_Work instructions_: Leave the images aside and copy out the whole listing, exact to the word.

_Available data_:
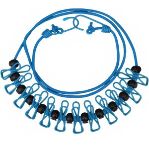 クリップ付きのランドリーロープが新登場。 両端のフックに引っ掛けるだけで、濯物やを吊るすことが出来ます。 弾力性の高い丈夫なゴムなので、気軽に吊るせます。 下着、ネクタイ、靴下、マフラー等の衣類や、アウトドアシーンでマグ
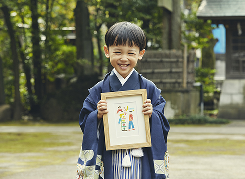こちらは、息子さんの七五三の記念に描かれた作品。名前に込められた願いや由来、家族構成、エピソード
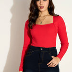 Women Red Rib Square Neck Full Sleeves Top

_Exercise solution_:
 クリップ付きのランドリーロープが新登場。 両端のフックに引っ掛けるだけで、濯物やを吊るすことが出来ます。 弾力性の高い丈夫なゴムなので、気軽に吊るせます。 下着、ネクタイ、靴下、マフラー等の衣類や、アウトドアシーンでマグ
こちらは、息子さんの七五三の記念に描かれた作品。名前に込められた願いや由来、家族構成、エピソード
 Women Red Rib Square Neck Full Sleeves Top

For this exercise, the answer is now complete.